Met belangstelling bekeek hij de schilderijen die op de overloop hingen. ‘Wie is dit?’ Hij wees naar een portret van een oudere man.
‘Een van je voorvaderen, denk ik. Ik heb geen idee, maar Rafaello zal je daar meer over –’
‘Vast. Het is ongetwijfeld iemand die het ver geschopt heeft in het leven.’ Hij trok een gezicht. ‘Ik denk niet dat ik me ooit ergens echt thuis zal voelen, zus,’ zei hij toen hij de kamer betrad die ze voor hem bedacht had. ‘De Grazzini’s zijn alleen maar geïnteresseerd in geld verdienen en zakendoen, en dat is niets voor mij. Ik wil kunstschilder worden.’
‘Waarom zou je je hier niet thuis voelen? De Grazzini’s hebben smaak en houden van kunst en antiek.’
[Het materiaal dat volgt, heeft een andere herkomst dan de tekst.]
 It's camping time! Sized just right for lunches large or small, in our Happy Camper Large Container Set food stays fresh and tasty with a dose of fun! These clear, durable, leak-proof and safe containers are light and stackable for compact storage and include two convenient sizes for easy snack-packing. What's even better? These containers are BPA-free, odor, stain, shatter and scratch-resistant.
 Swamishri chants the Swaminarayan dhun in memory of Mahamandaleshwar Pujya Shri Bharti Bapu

Daar dacht hij even over na. Toen wierp hij een zijdelingse blik op haar en zei: ‘Ik ben blij dat je Rafaello uit zijn lijden hebt verlost.’
‘Hoe bedoel je?’
‘Nou, je hebt toch besloten om met hem te trouwen? Ik heb hem bijna dagelijks aan de telefoon. Ik schaam me nog steeds een beetje voor het feit dat ik hem naar te keel sprong. Toen hij me eenmaal had verteld hoe het zat tussen jullie –’
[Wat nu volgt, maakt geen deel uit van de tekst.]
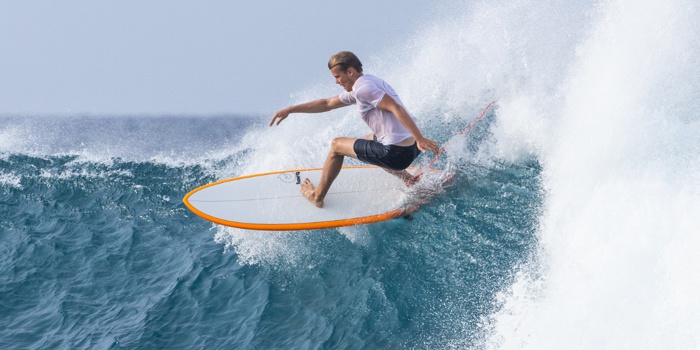 Die ausbalancierte Outline läuft aus der vollen Nose und der breiten Mid-Section in ein Swallowtail. Das Unterwasserschiff geht von einer Single- in eine Doppelkonkave über und die Nose ist leicht aufgestellt. Feingetuned wird das Ganze über die Tri-Quad Finoption. Gleiten, heizen, carven – Alles in Einem.

‘Toen hij wát?’ Ze sloeg haar armen over elkaar en keek hem recht aan.
‘Glory, je hebt hem flink laten lopen, dat kun je niet ontkennen. Geen wonder dat die man geen idee heeft wat hij van je kan verwachten. Je laat hem om de haverklap vallen! Hij zei dat hij er niet van zou opkijken als je vrijdag niet in de kerk verscheen.’